扉の向こうから、金づちを打つ音が響いてくる。シャルロットは少し早くなった鼓動を抑えるように胸に手を当てて深呼吸をした。
もう工房の仕事を始めているのだろうか。ルインのお父さんは大工仕事の棟梁をしている。村にある家や教会、畑の柵などの修繕や建築を一手に引き受けていた。この時間になると、いつも建材を加工する音が響き始める。
扉をノックしてから、そっと開ける。勝手に入ってきていいとルインのお母さんから言われているので、いつも通りシャルロットはルインの家にお邪魔した。
扉をくぐると、朝食の後片付けをしているおばさんが振り返った。
「――あら、シャロちゃん。ルインに用事? ルインなら工房でお父さんの手伝いをしているわよ」
恰幅の良いルインのお母さんがエプロンで手を拭きながら、その独特の少し枯れた声で言った。そうして視線を奥の扉へと投げる。工房へ続く勝手口だ。
「――お母さんにイノチウムを森から取ってきてってお使い頼まれて……。森に一人で行っちゃだめだからって……」
――言葉が上手く出てこない。慣れているはずのおばさんの前でも、ルインを意識し始めてから上手く喋れなくなったような気がする。
「あぁ、それでうちのをね。はいはい。ちょっと待っててねぇ」
そう言いながら、おばさんは勝手口から奥へと消える。しばらくしてルインが入れ替わりに顔を出した。
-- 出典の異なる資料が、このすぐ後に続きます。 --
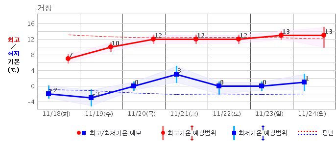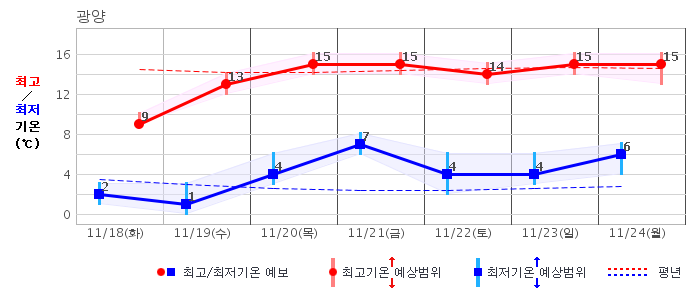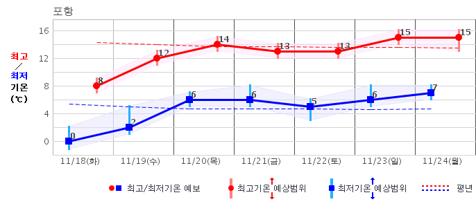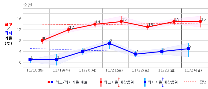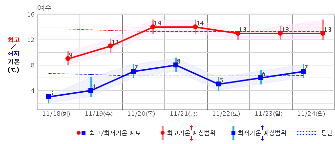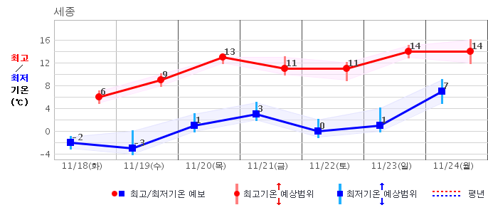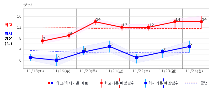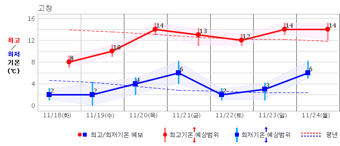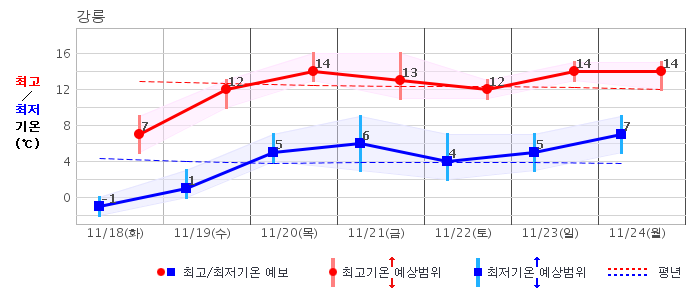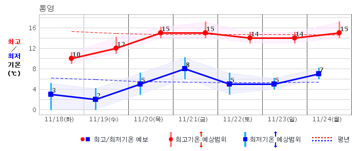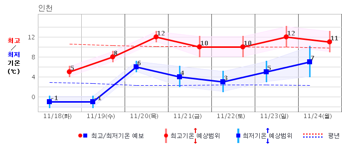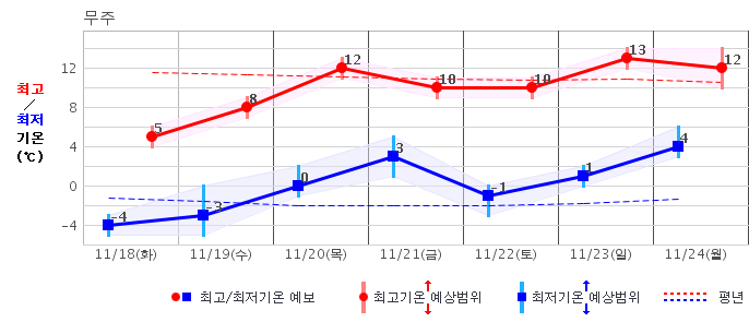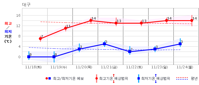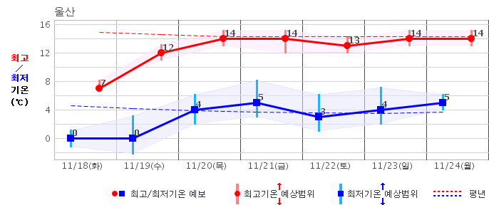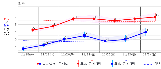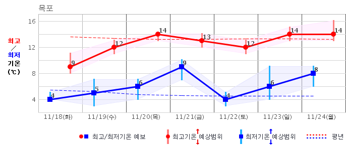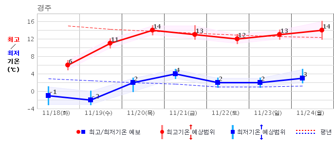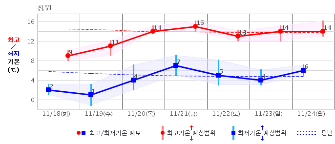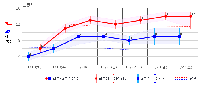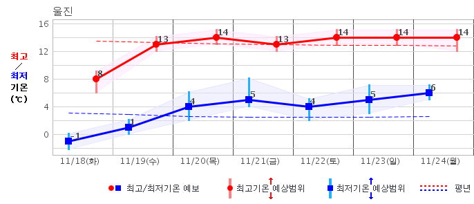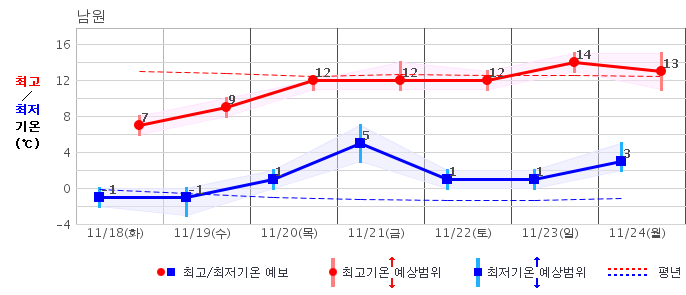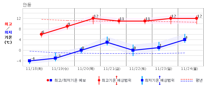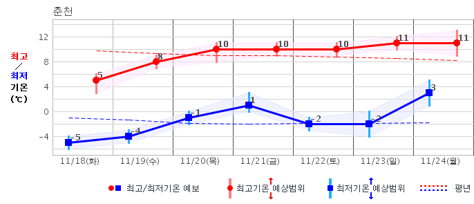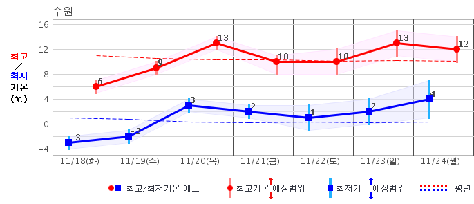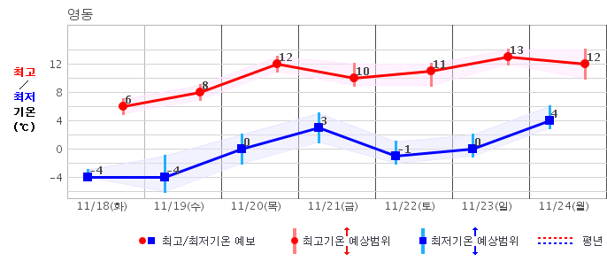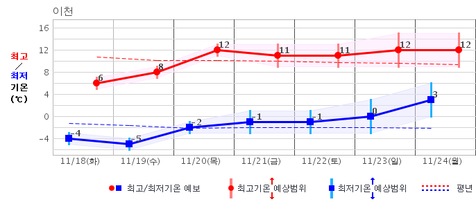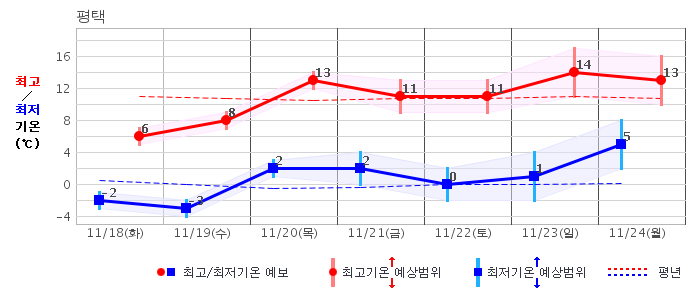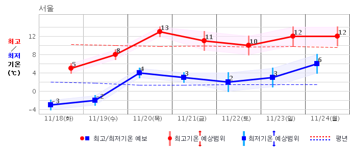 * (기온) 18일(화)~19일(수) 북쪽에서 유입되는 찬 공기의 영향으로 기온이 큰 폭으로 떨어지겠고, 바람도 강하게 불어 체감온도는 더욱 낮아지겠으니, 건강관리에 각별히 유의하기 바랍니다.

長く伸ばした銀髪がふわりと靡いてきらめく。ついさっきまで作業をしていたのだろう、後ろで結んだ髪は馬の尾っぽのようにさらさらと動く。アッシュグレーの瞳にシャルロットの姿が映る。穏やかな微笑みは、教会にある天使像に似ているような気がした。
「――シャロ。ちょっと待ってて」
穏やかな声。ルインの優しい声にシャルロットは小さく頷く。そしてにっこりと微笑みまた工房へと消える。
(緊張しすぎだよ。前はこんなんじゃなかったのにさ)
「――しょうがないじゃない。……どきどきしちゃうんだもん」
鞄の中のアーニャの言葉に口を尖らせる。顔を見ただけ、声を聞いただけでどきどきするのはどうしてなんだろう。身体って、心って本当に不思議。
しばらくすると準備を終えたルインが出てきた。
「お待たせ。さぁ、行こうか」
扉を開けてルインが一歩下がり、手を添えてシャルロットを扉の外へと誘う。シャルロットはその手に引かれるように先に家を出た。
「――それじゃあ母さん。少し出てくるよ」
「はいはい。ゆっくり遊んできな」
明るい声に送られて、ルインが扉を閉める。そうしてシャルロットはルインの少し後ろをついていくように歩いた。
(隣を歩きなさいよ)
アーニャがうるさい。最近アーニャはシャルロットのやることなすことに文句を言う。外ではそれに反論することも出来ないので言われっぱなしだ。
先を歩くルインの後姿を見つめる。
昔は同じくらいの背丈だったのに、今では少し見上げるくらいになっていた。歩みに合わせて揺れる手は、自分のふにゃふにゃの手とは違ってしっかりと骨が張って、たくましく思える。以前より筋肉もついたのだろう。力仕事だってするようになったとおばさんから聞いている。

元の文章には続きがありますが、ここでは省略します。